**WORK REQUIRED:** Please repeat exactly the lines below from the line with "在平潭貝雕館,記者看到此次獲" to the line with "Низкий шкаф устанавливается", including both, and leave out every picture.

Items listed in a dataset
Segment Open

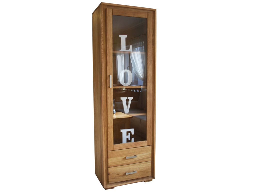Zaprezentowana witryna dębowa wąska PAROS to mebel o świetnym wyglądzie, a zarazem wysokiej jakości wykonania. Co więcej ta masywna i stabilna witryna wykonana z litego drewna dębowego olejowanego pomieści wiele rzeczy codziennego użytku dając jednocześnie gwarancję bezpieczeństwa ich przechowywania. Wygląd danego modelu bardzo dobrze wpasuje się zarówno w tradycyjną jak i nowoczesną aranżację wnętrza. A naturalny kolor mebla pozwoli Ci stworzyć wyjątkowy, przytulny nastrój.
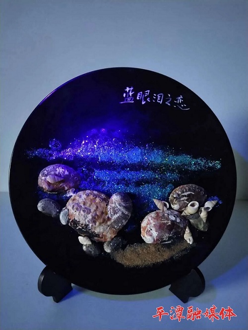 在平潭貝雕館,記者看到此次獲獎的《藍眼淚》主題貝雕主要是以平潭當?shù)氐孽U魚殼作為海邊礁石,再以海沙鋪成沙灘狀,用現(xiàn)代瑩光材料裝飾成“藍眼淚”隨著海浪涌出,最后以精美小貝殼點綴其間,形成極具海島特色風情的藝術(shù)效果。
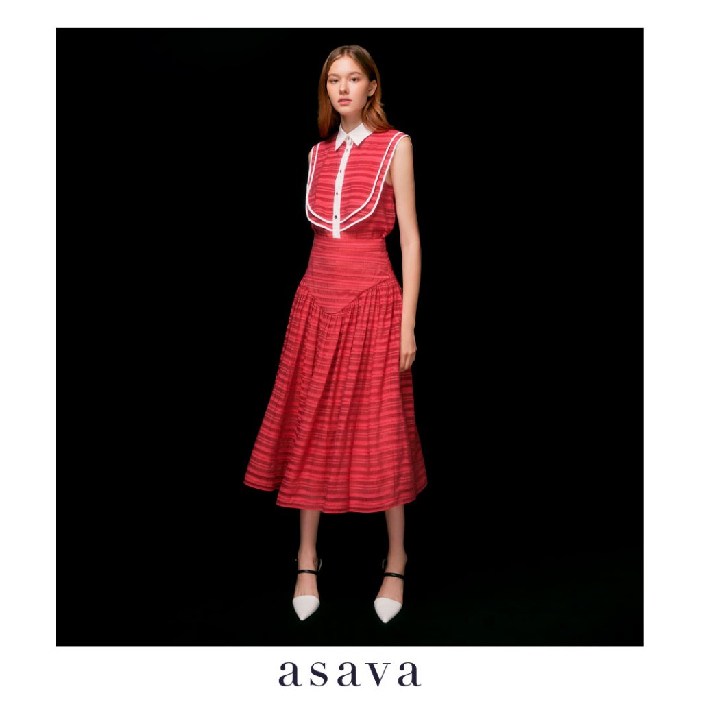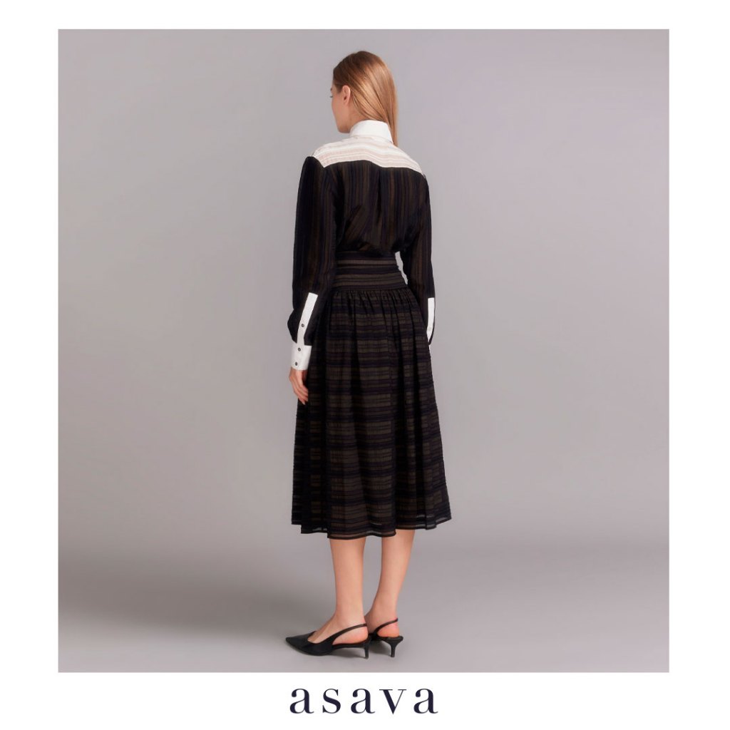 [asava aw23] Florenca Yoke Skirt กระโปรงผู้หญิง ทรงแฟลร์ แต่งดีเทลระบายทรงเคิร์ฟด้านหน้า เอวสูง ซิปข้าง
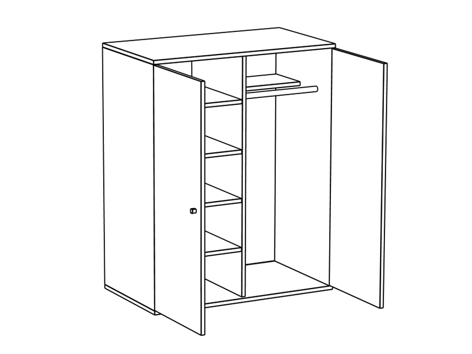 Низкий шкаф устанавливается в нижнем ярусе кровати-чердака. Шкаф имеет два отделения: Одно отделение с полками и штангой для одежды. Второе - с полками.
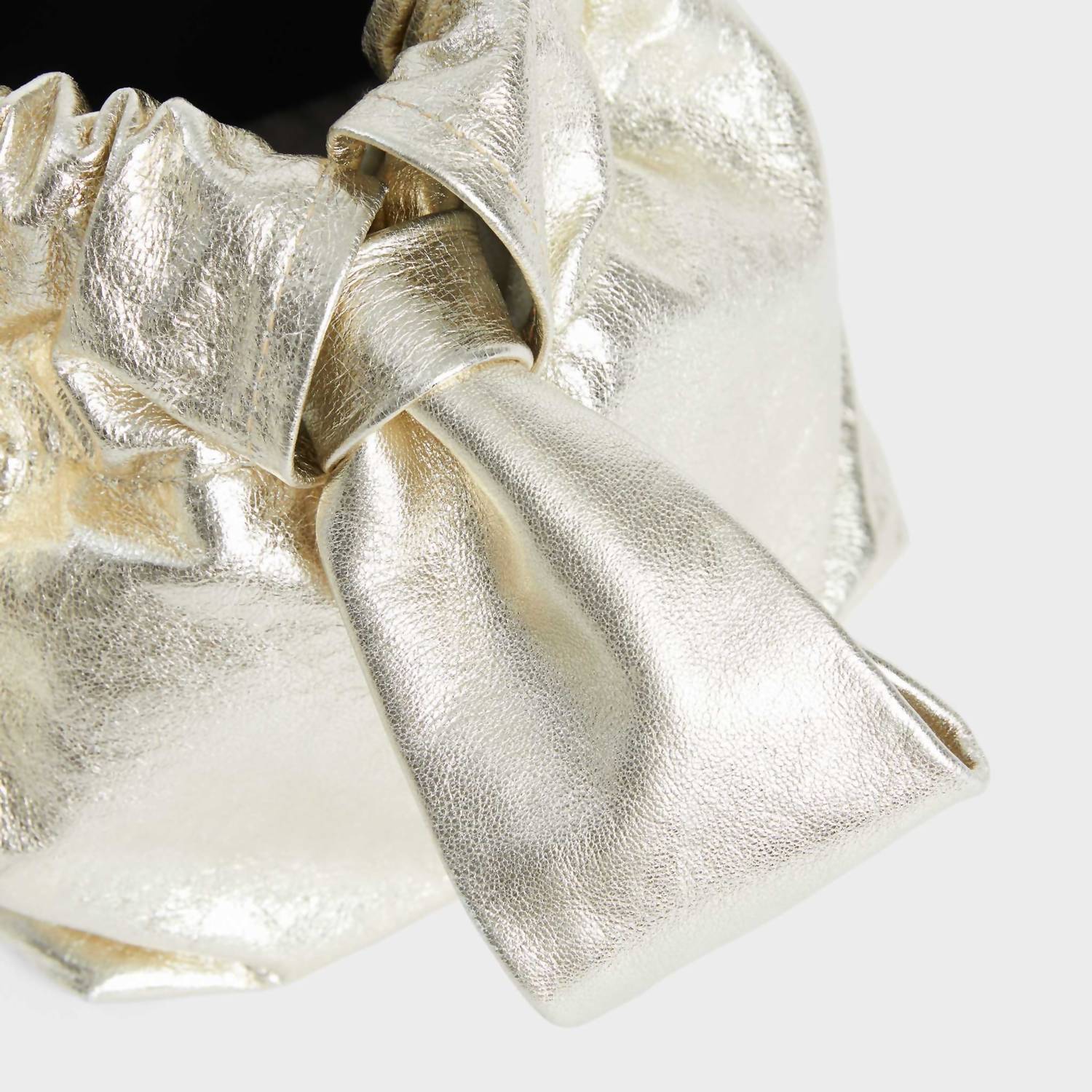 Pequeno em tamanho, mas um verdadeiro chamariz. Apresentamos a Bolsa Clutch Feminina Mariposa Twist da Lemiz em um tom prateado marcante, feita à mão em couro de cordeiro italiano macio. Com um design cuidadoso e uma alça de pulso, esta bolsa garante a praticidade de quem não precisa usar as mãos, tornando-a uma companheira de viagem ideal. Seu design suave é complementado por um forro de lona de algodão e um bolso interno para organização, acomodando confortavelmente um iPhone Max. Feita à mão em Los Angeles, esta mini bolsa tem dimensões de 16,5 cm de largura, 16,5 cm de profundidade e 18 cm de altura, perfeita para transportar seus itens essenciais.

Segment Closed

**TASK RESPONSE:**
 在平潭貝雕館,記者看到此次獲獎的《藍眼淚》主題貝雕主要是以平潭當?shù)氐孽U魚殼作為海邊礁石,再以海沙鋪成沙灘狀,用現(xiàn)代瑩光材料裝飾成“藍眼淚”隨著海浪涌出,最后以精美小貝殼點綴其間,形成極具海島特色風情的藝術(shù)效果。
 [asava aw23] Florenca Yoke Skirt กระโปรงผู้หญิง ทรงแฟลร์ แต่งดีเทลระบายทรงเคิร์ฟด้านหน้า เอวสูง ซิปข้าง
 Низкий шкаф устанавливается в нижнем ярусе кровати-чердака. Шкаф имеет два отделения: Одно отделение с полками и штангой для одежды. Второе - с полками.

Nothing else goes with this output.